Highlights & Insights¶
- "Minimum Requirement" Test Philosophy: Rather than asking for advanced judgments, the benchmark asks if systems can perform tasks humans find trivial. This "floor test" exposes fundamental flaws more effectively than complex tests.
- Scalability of Synthetic Degradation: The finding that manual filtering isn't strictly necessary for reliable benchmarking lowers the barrier for constructing large-scale T2LV evaluation benchmarks.
- First expansion to hour-level video evaluation: Covering videos up to 3 hours, it fills the gap in validating long video evaluation metrics compared to existing benchmarks limited to seconds.

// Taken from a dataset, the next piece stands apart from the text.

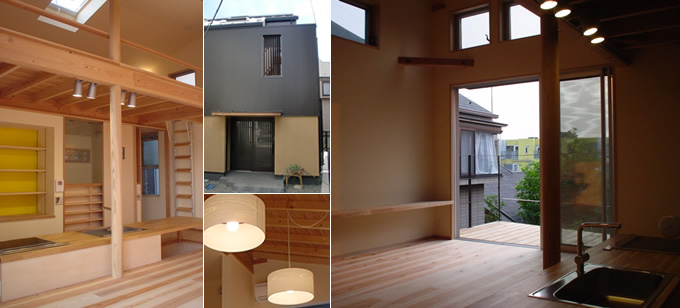 杉のフローリングや米松の梁など、木の香りも清々しい木造住宅です。採光を確保するのが難しい住宅密集地という立地から、1階は寝室、浴室、トイレ、日の当たる2階をリビングとキッチンに当てています。住居のほとんどの部分を既製品を使わず、手作業で造り上げました。

Limitations & Future Work¶
- Synthetic degradations may not fully simulate real T2V generation artifacts (e.g., semantic drift, character inconsistency).
- Source videos are real rather than AI-generated, missing specific T2V artifacts like flickering or warping.
- Degradation was only applied to 5 segments; the impact of degradation density was not fully explored.
- Large models like GPT-5 are limited by context length and cannot process every frame, losing inter-frame details.
- The Spearman correlation p-values for duration were not significant at the 0.05 level, implying duration effects are "trends" rather than strong effects.
Related Work & Insights¶
- vs VBench: VBench provides 16-dimensional fine-grained human annotations but is limited to 3.3s. SLVMEval covers 10 dimensions but scales to hour-long videos; the two are complementary.
- vs UVE-Bench: Focuses on LM-based meta-evaluation but with a maximum video length of only 6.1s. SLVMEval’s durations are over 1700x longer.
- vs VideoScore: As a test subject, VideoScore performs poorly on SLVMEval, confirming the need for metrics specifically designed for long videos.
Rating¶
- Novelty: ⭐⭐⭐⭐ First T2V meta-evaluation benchmark for long videos; synthetic degradation + filtering methodology is valuable.
- Experimental Thoroughness: ⭐⭐⭐⭐ Comprehensive comparison of 8 systems across 10 dimensions, including human baselines and duration analysis.
- Writing Quality: ⭐⭐⭐⭐ Clear definitions and easy-to-understand Algorithm 1.
- Value: ⭐⭐⭐⭐ Precisely identifies bottlenecks in long video evaluation (semantics + temporal), providing a clear research direction for the community.